Data for processing:
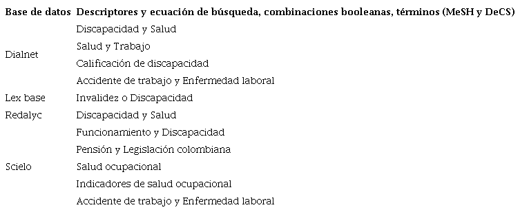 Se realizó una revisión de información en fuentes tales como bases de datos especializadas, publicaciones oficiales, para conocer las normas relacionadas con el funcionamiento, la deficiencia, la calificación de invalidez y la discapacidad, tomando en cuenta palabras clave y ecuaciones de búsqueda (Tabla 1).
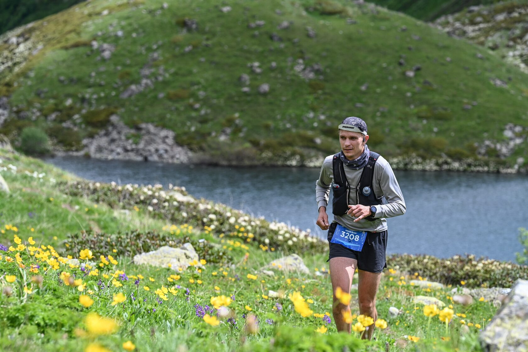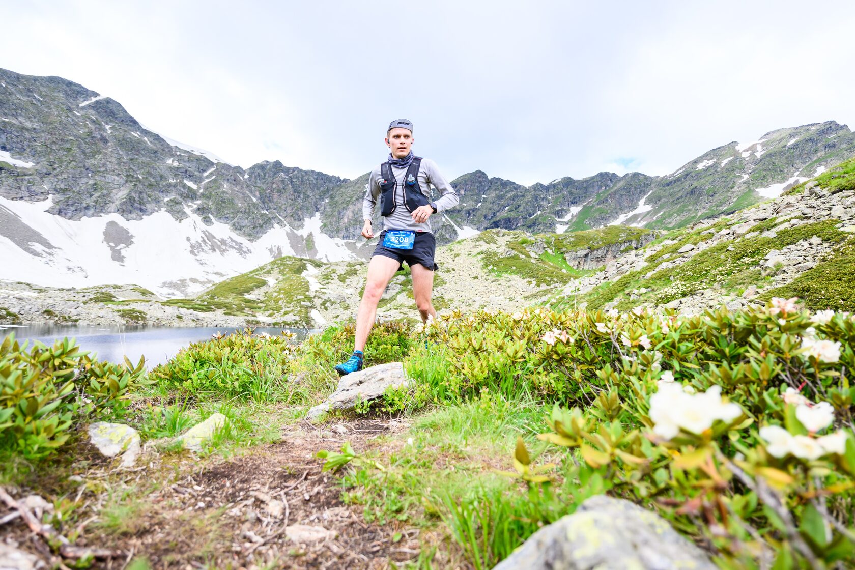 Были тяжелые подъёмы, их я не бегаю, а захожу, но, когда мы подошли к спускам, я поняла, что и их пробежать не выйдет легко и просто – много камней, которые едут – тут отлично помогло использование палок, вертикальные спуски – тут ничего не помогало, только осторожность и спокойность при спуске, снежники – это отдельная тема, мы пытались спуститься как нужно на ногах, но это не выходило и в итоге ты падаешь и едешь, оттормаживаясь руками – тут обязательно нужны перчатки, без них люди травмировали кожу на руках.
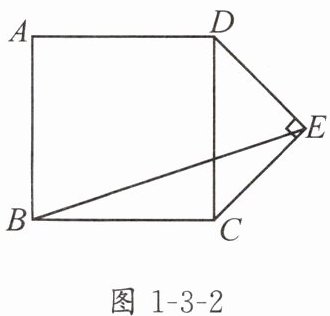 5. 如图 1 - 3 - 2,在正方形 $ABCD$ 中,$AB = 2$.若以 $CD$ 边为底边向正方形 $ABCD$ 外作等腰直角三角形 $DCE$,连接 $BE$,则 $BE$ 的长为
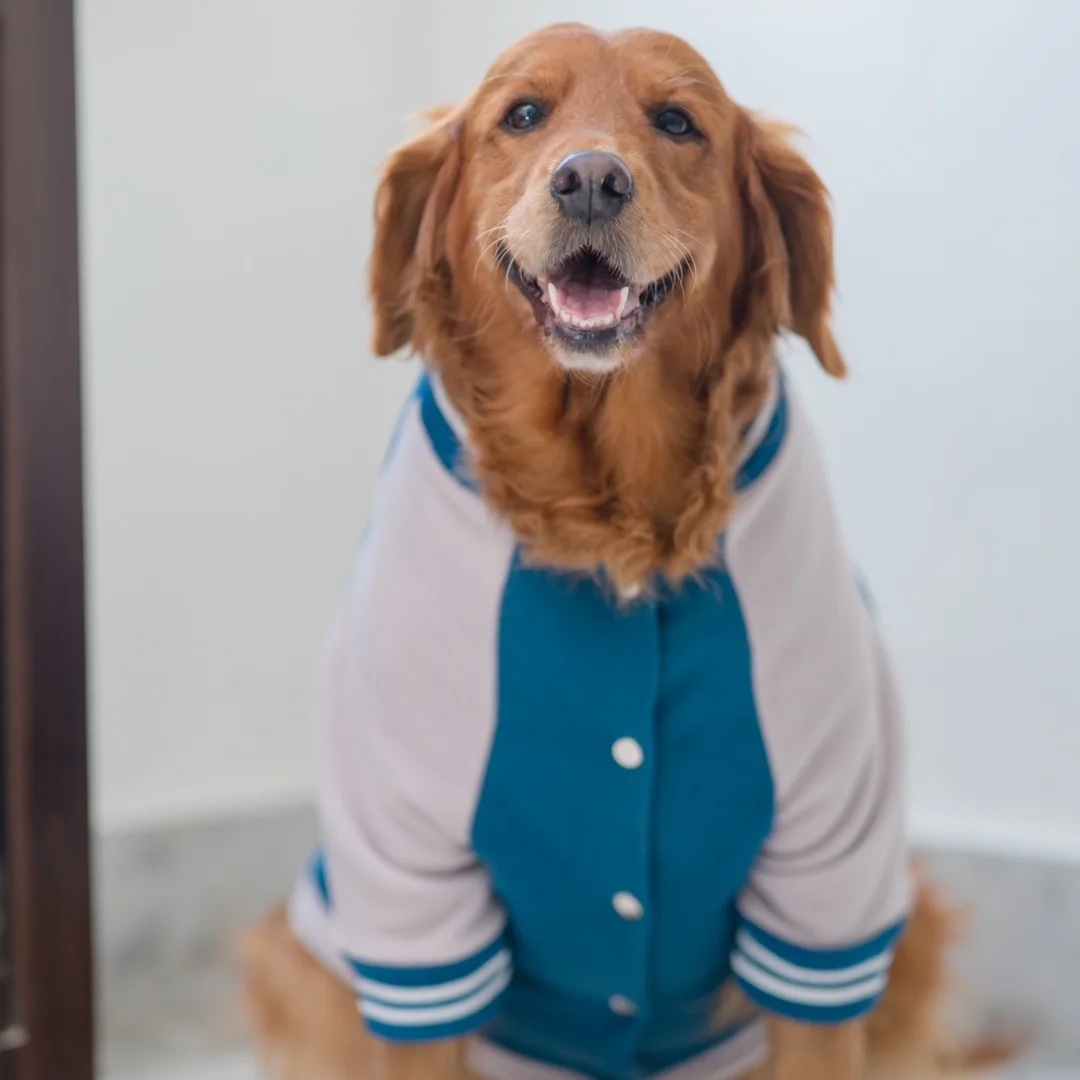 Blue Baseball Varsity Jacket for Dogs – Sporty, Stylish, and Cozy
* * *
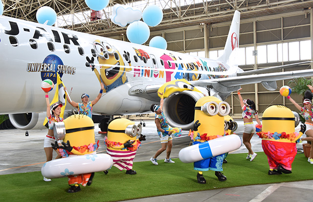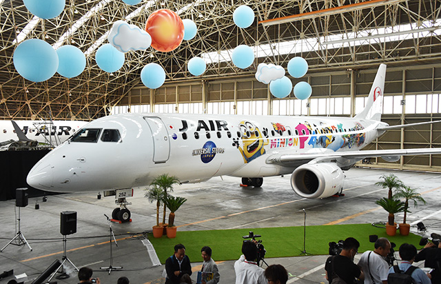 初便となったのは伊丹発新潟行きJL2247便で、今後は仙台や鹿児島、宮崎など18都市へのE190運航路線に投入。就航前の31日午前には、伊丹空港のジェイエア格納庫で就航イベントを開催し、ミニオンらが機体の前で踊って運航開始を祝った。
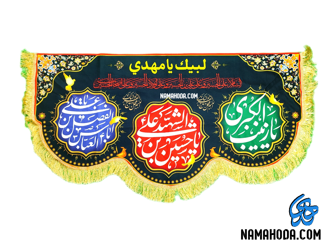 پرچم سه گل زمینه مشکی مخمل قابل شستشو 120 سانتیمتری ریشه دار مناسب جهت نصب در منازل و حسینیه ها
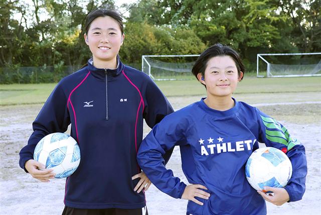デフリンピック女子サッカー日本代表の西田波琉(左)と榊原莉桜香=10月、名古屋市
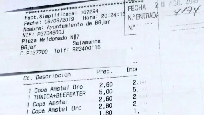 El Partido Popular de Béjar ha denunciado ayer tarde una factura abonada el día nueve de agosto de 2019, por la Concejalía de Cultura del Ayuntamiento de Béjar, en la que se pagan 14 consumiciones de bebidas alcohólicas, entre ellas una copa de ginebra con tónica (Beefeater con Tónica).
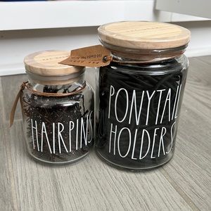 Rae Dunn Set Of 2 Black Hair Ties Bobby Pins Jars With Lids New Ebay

Activity: The expected output is the lines above from the one containing "Se realizó una" to the one containing "Blue Baseball Varsity", both ends included, reproduced exactly with every picture left out.

Answer below:
 Se realizó una revisión de información en fuentes tales como bases de datos especializadas, publicaciones oficiales, para conocer las normas relacionadas con el funcionamiento, la deficiencia, la calificación de invalidez y la discapacidad, tomando en cuenta palabras clave y ecuaciones de búsqueda (Tabla 1).
 Были тяжелые подъёмы, их я не бегаю, а захожу, но, когда мы подошли к спускам, я поняла, что и их пробежать не выйдет легко и просто – много камней, которые едут – тут отлично помогло использование палок, вертикальные спуски – тут ничего не помогало, только осторожность и спокойность при спуске, снежники – это отдельная тема, мы пытались спуститься как нужно на ногах, но это не выходило и в итоге ты падаешь и едешь, оттормаживаясь руками – тут обязательно нужны перчатки, без них люди травмировали кожу на руках.
 5. 如图 1 - 3 - 2,在正方形 $ABCD$ 中,$AB = 2$.若以 $CD$ 边为底边向正方形 $ABCD$ 外作等腰直角三角形 $DCE$,连接 $BE$,则 $BE$ 的长为
 Blue Baseball Varsity Jacket for Dogs – Sporty, Stylish, and Cozy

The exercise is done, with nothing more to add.